Normal Community High School students are led by a teacher to a nearby church as students were evacuated after...
Normal Community High School students are led by a teacher to a nearby church as students were evacuated after shots were fired in a classroom at the high school Friday, Sept. 7, 2012, in Normal, Ill. Authorities say police have taken two people into custody. No one was injured.
Photo credit: (AP Photo/The Pantagraph, David Proeber)
Sept. 08--NORMAL -- Spencer Brittain had just changed his clothes in the locker room at Normal Community High School and was heading into the hallway when he heard three shots fired and girls screaming.
"Everyone ran into the shower," he said.
"The shots were so close. We thought he would run into the locker room," said Brittain, adding that when he heard a name shouted, he thought someone had been shot.
He and other students were huddled in the showers when Coach Chris Coffey gathered them together and they sprinted into his office.
"We had 25 people in his little office, 23 students and two teachers," said Brittain, an NCHS freshman. They stayed together for 45 minutes until they were released from the lockdown that was put into effect just moments after a freshman fired shots into a classroom ceiling about 8 a.m. Friday. Police said at no time was the gun pointed at any students or staff and no one was hurt.
Brittain and his classmates were among about 1,830 students escorted from the school and across a field to nearby Eastview Christian Church, where they were accounted for before being released to parents or guardians. Because Brittain was changing for physical education, he didn't have his cellphone with him and couldn't initially contact his family.
But teachers and other students shared cellphones to get the word out that they were all safe.
"It was nerve-racking; you don't think it will ever happen here," said his dad, Rodney, as he prepared to take his son home from the church. He added he thought the process went smoothly considering the scary situation.
Sophomore Marika Barker was in her Spanish class when she heard the "Code Red" over the intercom. The lights were turned out in her classroom and everyone gathered in a corner.
"We saw police officers check inside with flashlights and one walked by with an assault riffle," she said.
Wearing her cheerleader uniform and wiping away tears as she left the church, with her mom's arm around her, she remained shaken from the experience several hours later.
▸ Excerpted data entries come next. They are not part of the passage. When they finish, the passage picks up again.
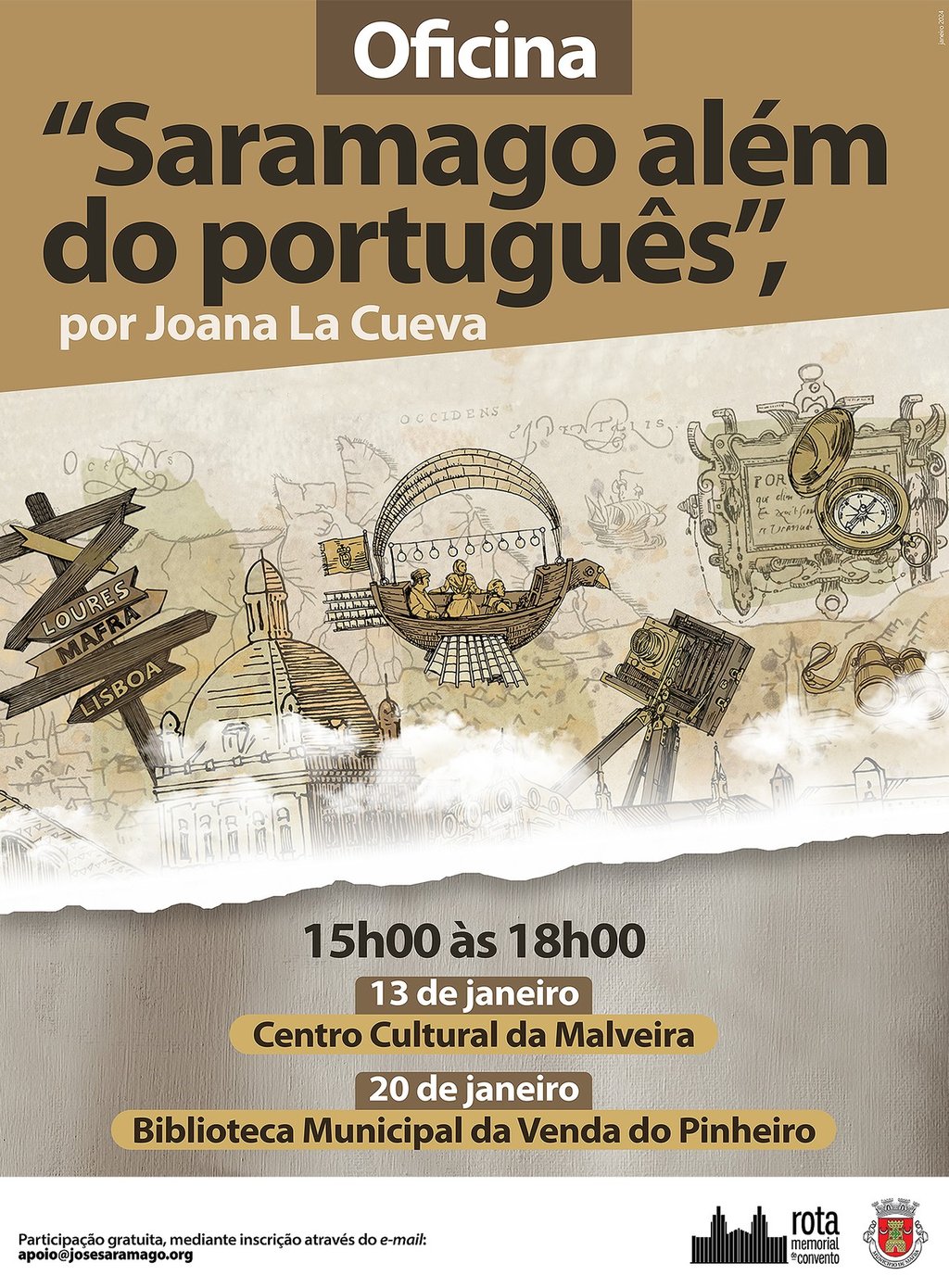O programa da Rota do Memorial do Convento, rota literária que percorre os principais locais da obra de José Saramago, está de regresso com novas atividades. Nos dias 13 e 20 de janeiro, participe na oficina “Saramago Além do Português” e venha explorar os grandes temas abordados pelo autor, na obra “Memorial do Convento”.
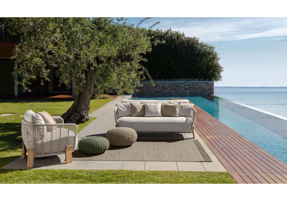 Argo Wood firmato da Ludovica + Roberto Palomba per Talenti è un divano divanetto per esterno. E' costituito da una struttura in tubolare di alluminio ricoperto da un intreccio di corde in tessuto sintetico, piedini curvi in legno di accoya disponibili nei colori palissandro o teak naturale. I cuscini sono sfoderabili e sono rivestiti con tessuti per esterni resistenti agli agenti atmosferici.
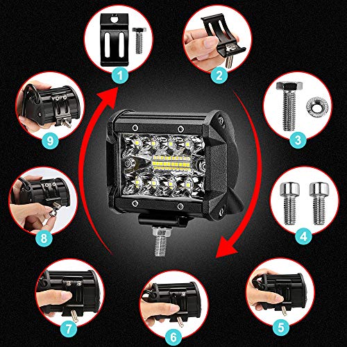 - 【Buona funzione impermeabile】 Certificato CE e RoHS. Questa lampada da lavoro con una grande capacità di resistenza all'acqua in tutte le condizioni, per mostrare una luce molto brillante, questa lampada da lavoro a profondità LED funziona sotto la pioggia o in ambienti difficili

"We were definitely very frightened," said her mom, Kara.
At first, some students thought what was going on was a drill because they had been told there would be one in September.
That was the case with Lisa Brinkman's son -- until he saw the police cars from his classroom window.
"It was kind of freaky when the police came into the classroom," said Conner Brinkman. "They yelled for everyone to get their hands up."
The officers were armed with "big guns" -- rifles, not handguns --but they were pointed down, he said.
"I'd never seen anything like this happen before," said Brinkman, a sophomore who was in Spanish class at the time.
Caley Oltman, 14, said she could hear the police shouting through the walls, but it was still a shock when they burst into her classroom.
"I was pretty scared. I was not sure what would happen," she said.
Students were told to have their palms up, and had to leave their backpacks and belongings behind; they were able to pick them up later that afternoon or on Monday.
For Andrew Schrock, "the hardest part was to keep everyone calm. Some were freaking out."
He said he felt it was his responsibility to try and help because his grandfather is police chief in Ellsworth and a role model. He tried to think about that and stay calm until police said they could leave the classroom.